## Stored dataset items
/---

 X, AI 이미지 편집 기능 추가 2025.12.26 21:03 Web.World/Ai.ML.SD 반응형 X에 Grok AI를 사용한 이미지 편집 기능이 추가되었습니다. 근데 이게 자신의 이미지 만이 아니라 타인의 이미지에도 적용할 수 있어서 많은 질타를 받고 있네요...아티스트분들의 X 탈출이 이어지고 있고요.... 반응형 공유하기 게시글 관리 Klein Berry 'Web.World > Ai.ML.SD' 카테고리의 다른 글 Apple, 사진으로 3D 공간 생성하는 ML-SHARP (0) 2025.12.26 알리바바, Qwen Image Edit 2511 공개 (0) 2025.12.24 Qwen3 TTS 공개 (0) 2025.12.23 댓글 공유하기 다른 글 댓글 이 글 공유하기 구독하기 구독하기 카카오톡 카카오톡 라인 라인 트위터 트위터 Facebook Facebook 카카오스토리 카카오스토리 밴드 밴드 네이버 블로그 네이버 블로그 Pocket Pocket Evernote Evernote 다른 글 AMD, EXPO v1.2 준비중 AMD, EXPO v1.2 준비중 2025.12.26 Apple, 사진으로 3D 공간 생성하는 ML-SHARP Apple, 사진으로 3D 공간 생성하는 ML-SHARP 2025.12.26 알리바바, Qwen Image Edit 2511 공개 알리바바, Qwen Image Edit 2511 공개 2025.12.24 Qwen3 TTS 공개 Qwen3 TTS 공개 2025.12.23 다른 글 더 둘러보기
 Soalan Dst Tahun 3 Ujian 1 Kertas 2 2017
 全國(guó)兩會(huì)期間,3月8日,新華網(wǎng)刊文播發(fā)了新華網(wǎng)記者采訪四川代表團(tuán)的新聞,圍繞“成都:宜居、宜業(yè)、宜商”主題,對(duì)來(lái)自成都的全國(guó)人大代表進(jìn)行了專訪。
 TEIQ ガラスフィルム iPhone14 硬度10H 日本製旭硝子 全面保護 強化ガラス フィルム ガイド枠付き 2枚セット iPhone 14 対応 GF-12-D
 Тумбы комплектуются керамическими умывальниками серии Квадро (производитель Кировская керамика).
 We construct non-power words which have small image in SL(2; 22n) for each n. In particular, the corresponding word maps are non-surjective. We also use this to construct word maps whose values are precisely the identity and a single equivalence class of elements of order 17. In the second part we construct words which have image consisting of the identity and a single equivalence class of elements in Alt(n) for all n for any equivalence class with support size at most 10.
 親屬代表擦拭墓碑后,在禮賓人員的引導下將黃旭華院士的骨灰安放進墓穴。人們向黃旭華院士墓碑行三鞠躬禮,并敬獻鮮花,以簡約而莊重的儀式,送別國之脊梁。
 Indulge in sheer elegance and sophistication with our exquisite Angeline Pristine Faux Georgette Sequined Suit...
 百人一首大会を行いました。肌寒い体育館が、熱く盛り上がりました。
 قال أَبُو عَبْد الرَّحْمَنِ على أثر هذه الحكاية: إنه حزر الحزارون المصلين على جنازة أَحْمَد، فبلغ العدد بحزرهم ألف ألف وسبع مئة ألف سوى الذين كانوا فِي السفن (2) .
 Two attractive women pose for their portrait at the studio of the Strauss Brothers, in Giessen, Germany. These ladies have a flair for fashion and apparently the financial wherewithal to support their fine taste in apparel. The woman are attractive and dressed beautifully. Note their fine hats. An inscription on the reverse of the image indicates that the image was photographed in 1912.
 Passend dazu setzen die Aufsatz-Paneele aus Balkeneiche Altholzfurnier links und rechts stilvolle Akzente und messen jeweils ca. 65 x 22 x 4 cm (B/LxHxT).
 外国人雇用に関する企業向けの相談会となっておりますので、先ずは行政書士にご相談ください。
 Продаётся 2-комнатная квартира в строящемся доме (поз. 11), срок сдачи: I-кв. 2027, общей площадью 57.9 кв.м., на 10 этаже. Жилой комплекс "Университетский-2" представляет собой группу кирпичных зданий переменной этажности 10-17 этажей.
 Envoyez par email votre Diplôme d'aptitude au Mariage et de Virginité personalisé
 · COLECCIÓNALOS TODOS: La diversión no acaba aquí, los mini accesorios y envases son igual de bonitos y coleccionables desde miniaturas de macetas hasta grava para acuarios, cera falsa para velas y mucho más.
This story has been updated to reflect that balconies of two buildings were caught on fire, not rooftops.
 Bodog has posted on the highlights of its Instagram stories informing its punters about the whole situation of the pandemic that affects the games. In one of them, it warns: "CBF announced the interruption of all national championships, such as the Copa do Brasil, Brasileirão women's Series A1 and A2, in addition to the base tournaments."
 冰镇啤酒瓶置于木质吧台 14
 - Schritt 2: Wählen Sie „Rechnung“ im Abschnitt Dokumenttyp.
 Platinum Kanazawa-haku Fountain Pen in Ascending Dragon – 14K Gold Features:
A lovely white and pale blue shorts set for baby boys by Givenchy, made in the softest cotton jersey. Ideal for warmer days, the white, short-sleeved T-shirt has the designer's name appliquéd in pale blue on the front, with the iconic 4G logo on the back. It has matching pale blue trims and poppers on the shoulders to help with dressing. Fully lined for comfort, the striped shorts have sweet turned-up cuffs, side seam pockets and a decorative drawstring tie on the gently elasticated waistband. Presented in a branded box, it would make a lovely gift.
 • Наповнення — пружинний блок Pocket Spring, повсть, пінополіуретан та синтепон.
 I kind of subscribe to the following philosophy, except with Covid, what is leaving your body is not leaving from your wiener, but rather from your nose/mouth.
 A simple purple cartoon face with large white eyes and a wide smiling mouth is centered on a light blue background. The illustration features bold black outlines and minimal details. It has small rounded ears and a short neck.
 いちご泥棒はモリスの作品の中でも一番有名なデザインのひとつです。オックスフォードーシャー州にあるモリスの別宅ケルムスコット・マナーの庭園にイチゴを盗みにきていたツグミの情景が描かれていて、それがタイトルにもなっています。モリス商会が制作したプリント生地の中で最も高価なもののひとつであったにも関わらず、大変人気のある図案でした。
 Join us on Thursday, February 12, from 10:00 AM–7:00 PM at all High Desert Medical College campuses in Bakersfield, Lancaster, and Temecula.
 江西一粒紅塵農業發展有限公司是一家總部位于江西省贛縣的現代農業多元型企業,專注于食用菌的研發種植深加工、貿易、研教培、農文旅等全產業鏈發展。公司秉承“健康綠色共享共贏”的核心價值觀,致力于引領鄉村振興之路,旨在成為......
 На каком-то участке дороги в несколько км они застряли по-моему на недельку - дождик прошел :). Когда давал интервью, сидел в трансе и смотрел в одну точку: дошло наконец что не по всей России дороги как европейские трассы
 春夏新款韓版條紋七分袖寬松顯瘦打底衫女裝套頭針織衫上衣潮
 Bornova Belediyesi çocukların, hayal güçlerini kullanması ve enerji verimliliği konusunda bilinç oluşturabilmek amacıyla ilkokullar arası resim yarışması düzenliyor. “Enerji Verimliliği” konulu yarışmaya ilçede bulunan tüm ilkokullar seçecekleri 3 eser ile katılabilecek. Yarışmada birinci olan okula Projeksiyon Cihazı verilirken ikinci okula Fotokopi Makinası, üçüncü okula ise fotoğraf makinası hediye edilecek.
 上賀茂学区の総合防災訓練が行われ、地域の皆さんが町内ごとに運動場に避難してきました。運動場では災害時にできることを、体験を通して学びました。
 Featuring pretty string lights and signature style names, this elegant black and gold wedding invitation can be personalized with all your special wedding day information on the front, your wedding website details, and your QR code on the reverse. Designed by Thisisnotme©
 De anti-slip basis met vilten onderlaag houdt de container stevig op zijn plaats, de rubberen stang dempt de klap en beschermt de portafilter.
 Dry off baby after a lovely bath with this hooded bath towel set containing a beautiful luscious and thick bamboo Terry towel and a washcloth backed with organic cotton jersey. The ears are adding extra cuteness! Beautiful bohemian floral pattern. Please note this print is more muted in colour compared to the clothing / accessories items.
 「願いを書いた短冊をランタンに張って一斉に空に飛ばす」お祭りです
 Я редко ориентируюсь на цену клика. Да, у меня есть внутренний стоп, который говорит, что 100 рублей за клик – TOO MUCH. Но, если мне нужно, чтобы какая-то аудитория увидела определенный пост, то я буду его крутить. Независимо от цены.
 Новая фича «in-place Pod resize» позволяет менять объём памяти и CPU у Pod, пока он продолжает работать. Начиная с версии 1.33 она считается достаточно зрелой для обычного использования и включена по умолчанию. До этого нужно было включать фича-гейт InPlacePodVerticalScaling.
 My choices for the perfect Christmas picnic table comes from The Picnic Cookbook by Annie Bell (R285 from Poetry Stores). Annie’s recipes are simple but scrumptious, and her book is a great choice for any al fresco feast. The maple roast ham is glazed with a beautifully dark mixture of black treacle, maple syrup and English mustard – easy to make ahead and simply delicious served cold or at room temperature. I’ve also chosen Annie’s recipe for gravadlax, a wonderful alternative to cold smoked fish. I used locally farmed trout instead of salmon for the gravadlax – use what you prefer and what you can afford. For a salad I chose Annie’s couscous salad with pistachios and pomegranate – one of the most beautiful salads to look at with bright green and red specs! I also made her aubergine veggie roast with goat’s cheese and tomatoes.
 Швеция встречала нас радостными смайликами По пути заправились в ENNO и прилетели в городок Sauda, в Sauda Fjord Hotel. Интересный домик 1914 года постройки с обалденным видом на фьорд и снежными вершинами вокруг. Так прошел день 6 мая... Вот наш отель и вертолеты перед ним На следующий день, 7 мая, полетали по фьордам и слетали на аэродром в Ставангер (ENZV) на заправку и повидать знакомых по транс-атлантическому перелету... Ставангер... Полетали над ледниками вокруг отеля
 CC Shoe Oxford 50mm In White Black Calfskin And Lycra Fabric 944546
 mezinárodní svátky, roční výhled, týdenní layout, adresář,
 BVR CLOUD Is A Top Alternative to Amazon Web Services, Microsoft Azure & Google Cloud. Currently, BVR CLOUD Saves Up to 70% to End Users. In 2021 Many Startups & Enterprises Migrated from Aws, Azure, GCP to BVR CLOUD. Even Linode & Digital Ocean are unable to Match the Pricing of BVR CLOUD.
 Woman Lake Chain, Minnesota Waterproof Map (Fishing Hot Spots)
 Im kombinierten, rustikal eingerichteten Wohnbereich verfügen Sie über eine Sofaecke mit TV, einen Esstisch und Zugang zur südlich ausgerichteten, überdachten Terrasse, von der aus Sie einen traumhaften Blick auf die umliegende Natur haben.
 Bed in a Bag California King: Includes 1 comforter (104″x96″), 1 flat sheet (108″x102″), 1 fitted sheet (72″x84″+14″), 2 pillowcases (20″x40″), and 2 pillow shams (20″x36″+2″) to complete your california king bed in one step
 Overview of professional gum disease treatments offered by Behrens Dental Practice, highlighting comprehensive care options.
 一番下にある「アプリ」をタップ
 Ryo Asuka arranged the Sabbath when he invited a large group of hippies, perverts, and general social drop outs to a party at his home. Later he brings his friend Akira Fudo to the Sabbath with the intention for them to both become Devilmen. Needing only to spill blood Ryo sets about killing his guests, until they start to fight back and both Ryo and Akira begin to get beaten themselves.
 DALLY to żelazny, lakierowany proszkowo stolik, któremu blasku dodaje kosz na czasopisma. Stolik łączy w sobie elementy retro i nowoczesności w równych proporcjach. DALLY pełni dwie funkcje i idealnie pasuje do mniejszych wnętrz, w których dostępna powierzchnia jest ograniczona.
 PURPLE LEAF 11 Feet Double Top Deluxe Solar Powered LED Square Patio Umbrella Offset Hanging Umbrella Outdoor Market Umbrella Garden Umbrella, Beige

\---

Restate word for word the lines above, beginning at the first one and ending at the line that carries "Тумбы комплектуются керамическими".

 X, AI 이미지 편집 기능 추가 2025.12.26 21:03 Web.World/Ai.ML.SD 반응형 X에 Grok AI를 사용한 이미지 편집 기능이 추가되었습니다. 근데 이게 자신의 이미지 만이 아니라 타인의 이미지에도 적용할 수 있어서 많은 질타를 받고 있네요...아티스트분들의 X 탈출이 이어지고 있고요.... 반응형 공유하기 게시글 관리 Klein Berry 'Web.World > Ai.ML.SD' 카테고리의 다른 글 Apple, 사진으로 3D 공간 생성하는 ML-SHARP (0) 2025.12.26 알리바바, Qwen Image Edit 2511 공개 (0) 2025.12.24 Qwen3 TTS 공개 (0) 2025.12.23 댓글 공유하기 다른 글 댓글 이 글 공유하기 구독하기 구독하기 카카오톡 카카오톡 라인 라인 트위터 트위터 Facebook Facebook 카카오스토리 카카오스토리 밴드 밴드 네이버 블로그 네이버 블로그 Pocket Pocket Evernote Evernote 다른 글 AMD, EXPO v1.2 준비중 AMD, EXPO v1.2 준비중 2025.12.26 Apple, 사진으로 3D 공간 생성하는 ML-SHARP Apple, 사진으로 3D 공간 생성하는 ML-SHARP 2025.12.26 알리바바, Qwen Image Edit 2511 공개 알리바바, Qwen Image Edit 2511 공개 2025.12.24 Qwen3 TTS 공개 Qwen3 TTS 공개 2025.12.23 다른 글 더 둘러보기
 Soalan Dst Tahun 3 Ujian 1 Kertas 2 2017
 全國(guó)兩會(huì)期間,3月8日,新華網(wǎng)刊文播發(fā)了新華網(wǎng)記者采訪四川代表團(tuán)的新聞,圍繞“成都:宜居、宜業(yè)、宜商”主題,對(duì)來(lái)自成都的全國(guó)人大代表進(jìn)行了專訪。
 TEIQ ガラスフィルム iPhone14 硬度10H 日本製旭硝子 全面保護 強化ガラス フィルム ガイド枠付き 2枚セット iPhone 14 対応 GF-12-D
 Тумбы комплектуются керамическими умывальниками серии Квадро (производитель Кировская керамика).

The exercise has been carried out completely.